Sometimes, you know the exact dimensions you want your tiles to be. For example, you might need 512x512 pixel tiles for a mapping application or a game. This guide shows you how to slice an image by specifying the exact width and height of each tile.

Using the CLI

The imslice command-line tool makes this easy. Use the -t or --tile-size option, followed by the desired width and height in pixels.

Example

Let's say you have a large satellite image (satellite.jpg) and you want to cut it into 256x256 pixel tiles.

imslice satellite.jpg output/tiles --tile-size 256 256
  • satellite.jpg: Your source image.
  • output/tiles: The directory where the tiles will be saved.
  • --tile-size 256 256: This tells imslice to create tiles that are 256 pixels wide and 256 pixels high.

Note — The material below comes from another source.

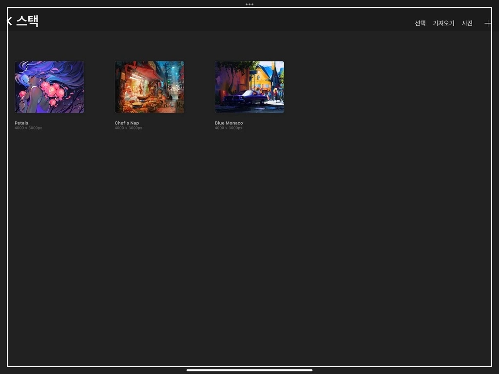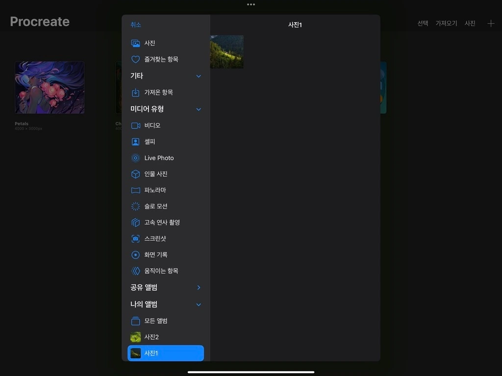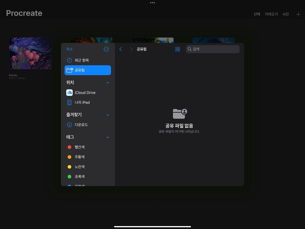 아이패드 기본 어플인 파일과 연동하여, 프로크리에이트에서 인식 가능한 파일을 가져옵니다. 이미지 포맷의 캔버스로 불러올 수 있는 파일 형식만 가져올 수 있으며, 가져올 수 없는 포캣의 파일은 흐리게 표시되며, 선택할 수 없습니다.

If the source image dimensions are not perfectly divisible by the tile size, the tiles at the right and bottom edges will be smaller to account for the remainder.

Using the Python API

You can achieve the same result in your Python code by passing the tile_width and tile_height parameters to the slice_image function or the ImageSlicer.slice method.

Example

Here's how to slice the same image into 256x256 pixel tiles using a Python script:

from image_slicer import slice_image

slice_image(
    source_path="satellite.jpg",
    output_dir="output/tiles",
    tile_width=256,
    tile_height=256
)

This gives you the flexibility to integrate tile-based slicing directly into your image processing workflows.